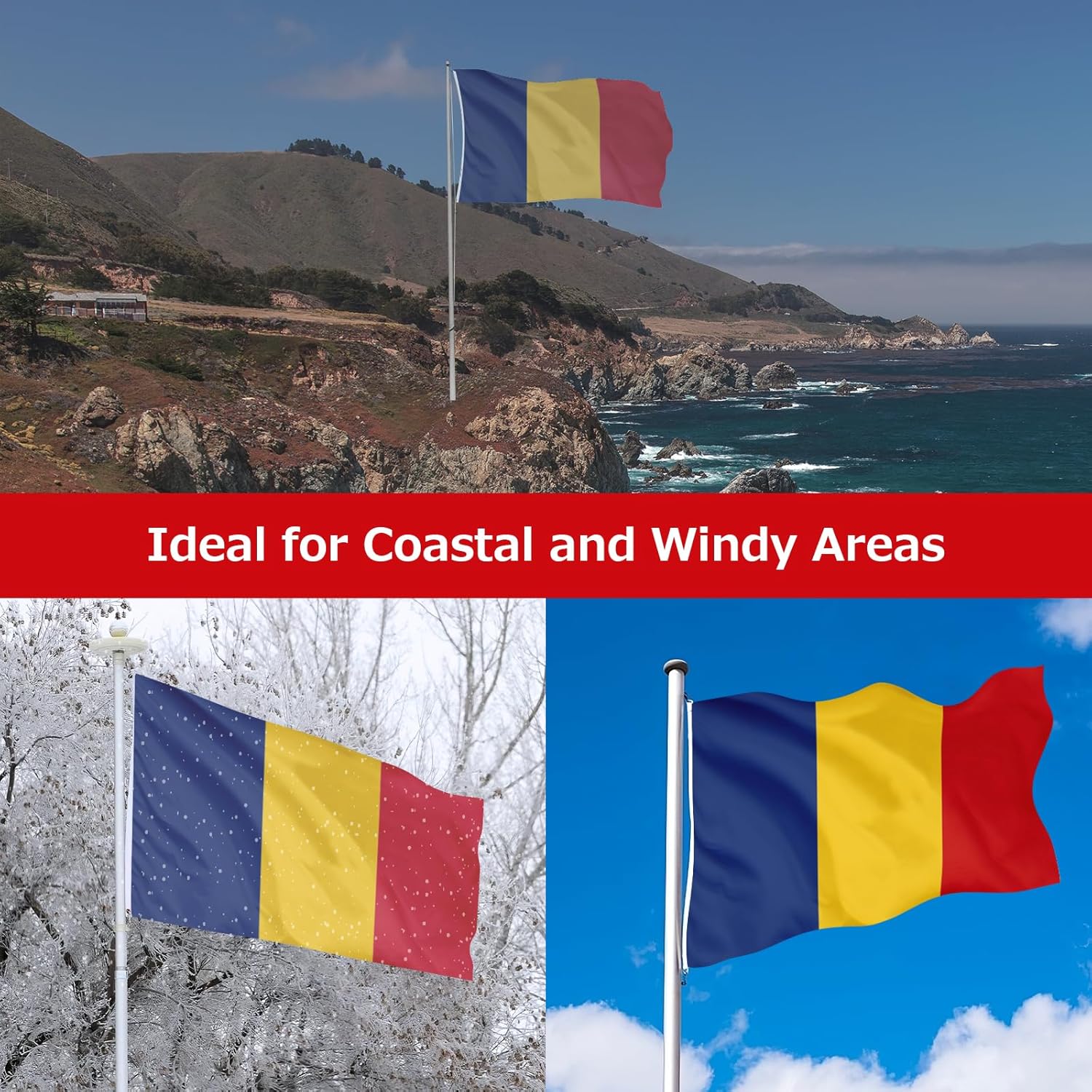 - 【400D Heavy-Duty Anti-Tear Flag】Crafted from premium 400D polyester, this flag is thicker, heavier, and more durable than standard flags. It’s waterproof, UV-resistant, and features a smooth, deluxe finish. The fly end is reinforced with a canvas header and four rows of lock stitching, providing exceptional resistance to fraying and tearing—perfect for coastal or high-wind areas.
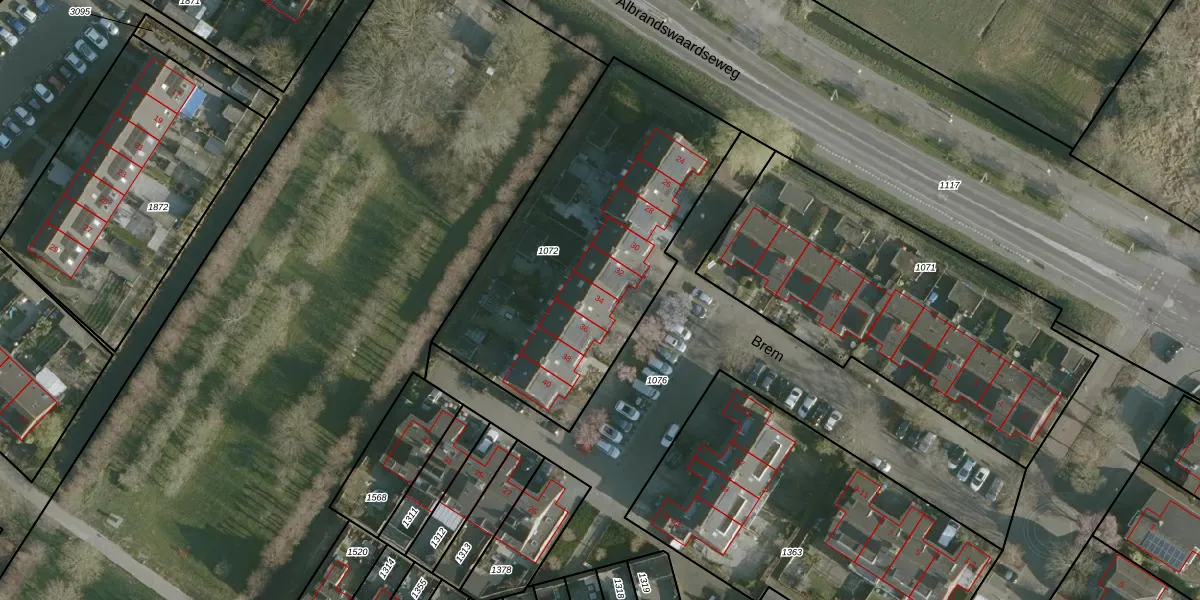 Het perceel waarop Brem 34 staat heeft een oppervlakte van 1505 m². Dit is een zeer groot perceel. De perceeloppervlakte wordt geregistreerd door het Kadaster. Gedetailleerde informatie over de maten van dit perceel kunt u vinden in het rapport Kadastrale kaart met maatvoering van Brem 34.
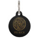 Dramatic black and gold intricate triple Celtic knot swirl mandala. Eternal spirals and trinity knots in gold on a black background. Personalized with your pet's name and your phone number, or give as a gift.
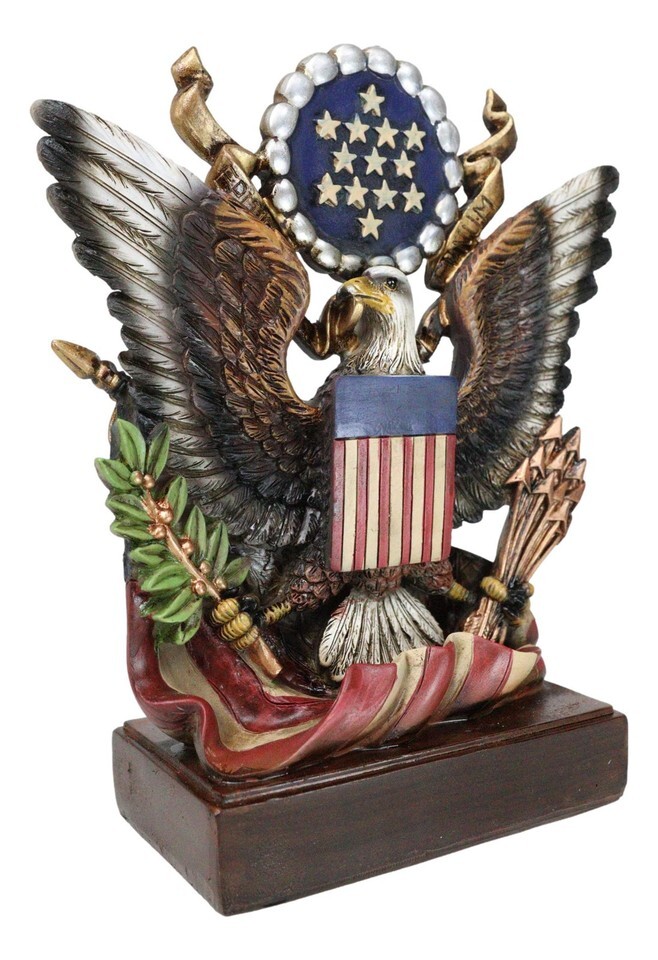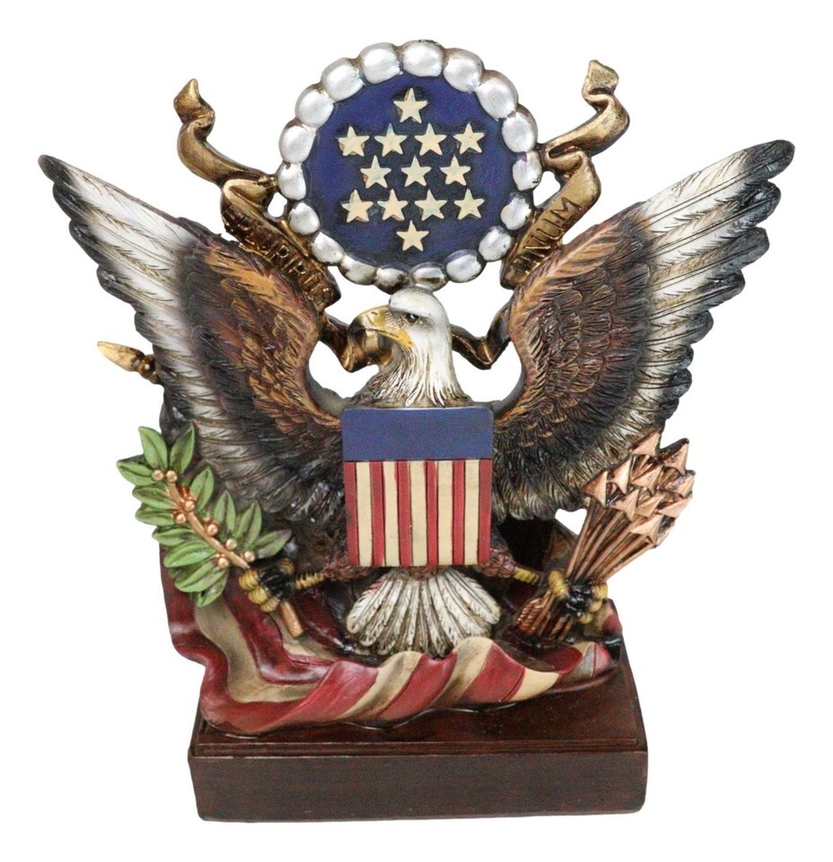? Showcase your patriotism and add a touch of American pride to your workspace with this beautifully crafted American Great Seal Bald Eagle Desktop Plaque. Featuring the iconic eagle clutching an olive branch and arrows, symbolizing peace and strength, it proudly displays the words "E Pluribus Unum" as a reminder of unity. Made with exquisite attention to detail, this plaque is the perfect addition to any office, home, or collection, making a statement of timeless American values.
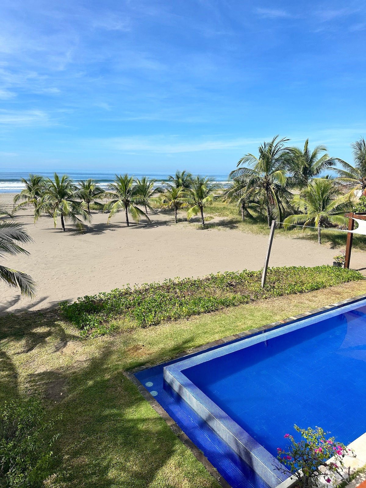 Recién construida, espectacular casa de playa frente al mar. Esta propiedad cuenta con casa principal con tres dormitorios con baño propio y aire acondicionado en cada habitación. El rancho social cuenta con baño, comedor principal, desayunador, y bar. Todo esto a unos pasos de una refrescante piscina de filtro. Los jardines son engramados y su verde espectacular contrasta con el azul del mar. La cocina esta completamente equipada con refrigerador, freezer, cocina y todos los utensilios.
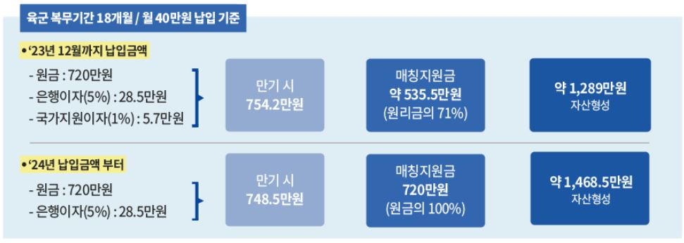 징병내일준비적금의 정부지원금이 24년 인상되었습니다.

> [Problem details]:
If a record holds a picture, leave that picture out; retype everything else exactly.

> [Result of the exercise]:
 - 【400D Heavy-Duty Anti-Tear Flag】Crafted from premium 400D polyester, this flag is thicker, heavier, and more durable than standard flags. It’s waterproof, UV-resistant, and features a smooth, deluxe finish. The fly end is reinforced with a canvas header and four rows of lock stitching, providing exceptional resistance to fraying and tearing—perfect for coastal or high-wind areas.
 Het perceel waarop Brem 34 staat heeft een oppervlakte van 1505 m². Dit is een zeer groot perceel. De perceeloppervlakte wordt geregistreerd door het Kadaster. Gedetailleerde informatie over de maten van dit perceel kunt u vinden in het rapport Kadastrale kaart met maatvoering van Brem 34.
 Dramatic black and gold intricate triple Celtic knot swirl mandala. Eternal spirals and trinity knots in gold on a black background. Personalized with your pet's name and your phone number, or give as a gift.
? Showcase your patriotism and add a touch of American pride to your workspace with this beautifully crafted American Great Seal Bald Eagle Desktop Plaque. Featuring the iconic eagle clutching an olive branch and arrows, symbolizing peace and strength, it proudly displays the words "E Pluribus Unum" as a reminder of unity. Made with exquisite attention to detail, this plaque is the perfect addition to any office, home, or collection, making a statement of timeless American values.
 Recién construida, espectacular casa de playa frente al mar. Esta propiedad cuenta con casa principal con tres dormitorios con baño propio y aire acondicionado en cada habitación. El rancho social cuenta con baño, comedor principal, desayunador, y bar. Todo esto a unos pasos de una refrescante piscina de filtro. Los jardines son engramados y su verde espectacular contrasta con el azul del mar. La cocina esta completamente equipada con refrigerador, freezer, cocina y todos los utensilios.
 징병내일준비적금의 정부지원금이 24년 인상되었습니다.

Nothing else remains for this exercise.